The Euro-zone crisis appears to have pushed more European tenants into the central London rental market since the beginning of the year, with European tenants taking 30.4% of all new lets between January to May 2011 compared to 25% during the same period in 2010.
What seems to be happening here in London is that our better off and affluent European cousins are escaping the beleaguered simmering Euro-zone; and just what exactly can be read into this if anything at all; well I am not quite sure. But the statistics do speck for themselves and make interesting reading.
Tenants now comprise 39.4% of all prime London market tenants (Jan to May 2011), down from 45.3% in 2010. But prime central London lettings volumes rose 7% year-on-year in May, after a weaker performance earlier in the year, aided by a slight rise in stocks and increased tenant demand. European and overseas tenant demand helped to push rents higher by 0.5% in May, meaning that rents have risen by nearly 26% since the low point they hit in June 2009, to hit a record high.

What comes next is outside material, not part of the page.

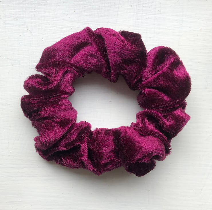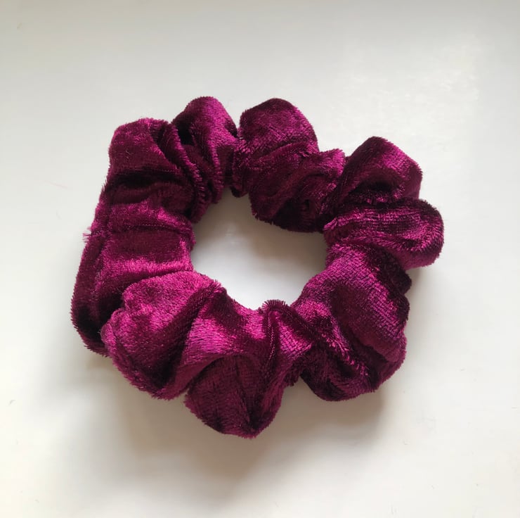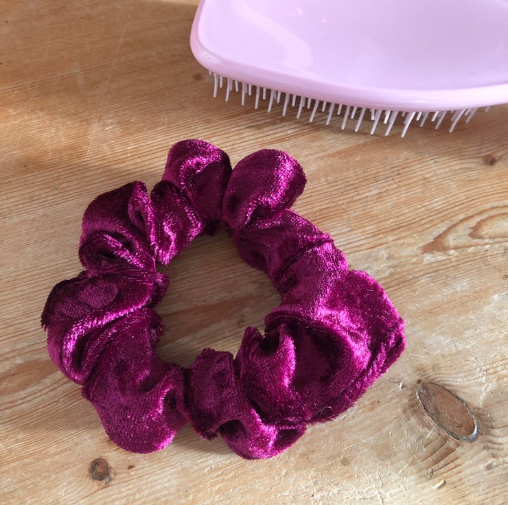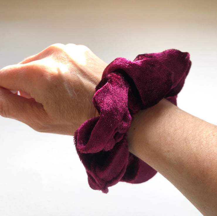 I have made these pretty scrunchies from crushed red velvet material in a lovely deep berry colour. They are sumptuously soft and luxurious feeling.

It is said that prime London rental market has been one of the main beneficiaries in a ‘posh up market’ recovery in the City and a stones cast off from me in Canary Wharf, with rents claiming by a massive 25.4% compared to a low that they were said to have hit in June 2009.
The surge in demand from European tenants reflects staff transfers into London's financial and business service firms, with a big demand from countries which are bogged down in economic difficulties, which paints a picture that some practitioners of fiance have sought refuge in London.
With demand from newly arrived European workers in London likely to continue to rise through this year - rental growth forecasts of between 5 to 10% for central London is expected to be achieved.
So there you have it, London is being invaded by the well paid handmaidens of capital, and where are they exactly coming from then - France, tenants up (80%), Portugal ( 62% ), Ireland (76%), Greece (33%) and Spain (73%).
Standing on the edge of an abyss looking-down into a bottomless gulf or pit; an unfathomable strong current, its flow so strong and full of electricity sent through a conductor of capitalism it submerges and puts the lights out for many; that’s what the new housing crises building up in intensity will be and is like, an unstable situation of extreme danger and difficulty for working people here in London.
Only the other night London's Evening Standard reported that thousands of schoolchildren in parts of central London could be forced to move because of housing benefit cuts. It said that one in six children at primary schools in Westminster may have to move home - and school in many cases - once caps on housing benefit come fully into force. In Maida Vale, it is said an astonishing 43 per cent could be forced to move, with the limits due to apply to existing claimants coming in from next January.
I have felt for some considerable time now, that London has been going through a process of transformation, and if you have lived here as long as I have, then you will have noticed the changes, not just in the appearance of familiar places and the ever sprouting-up glass forest of the modern office blocks that try as it may to ravel London's ancient woodland.
In the short span of 34 years I have been witness, and bear it like a scar, an exit of working people, the dieing and disappearance of an industrial and trading past. All gone in a relatively short span of time; travailing around the ‘Smoke’ as we use to call it in the 70s; it is now a rarity and a noteworthy scarcity to see working men and women, the manual working labourer's, of building workers, painters and decorators, cleaners, cook’s and factory workers to recall but a few, travelling to and from their places of work in this great city. Not only has the Routemaster, the famous red double-decker bus, become a non-visible object of a past time, along with it have gone many a factory, warehouse and world renowned docks.
I could tell you much about these changes, but that would take for ever and that’s not the subject under consideration here, the point being is that capitalism has been the force of change as always, and not just in London, look anywhere and you will see the same forced process at work. Even up North - With the mines and steel works gone, with unemployment high, tight-knit rural communities face a daily struggle as well. But in London the transformation that is taking place involves shedding its old skin forcefully for a new one that decants much of the population and replaces it with a new and by far more affluent assemblage that will service this world money laundering centre, trying to retain its place in the world and at a cost - high unemployment, grinding poverty and homelessness!”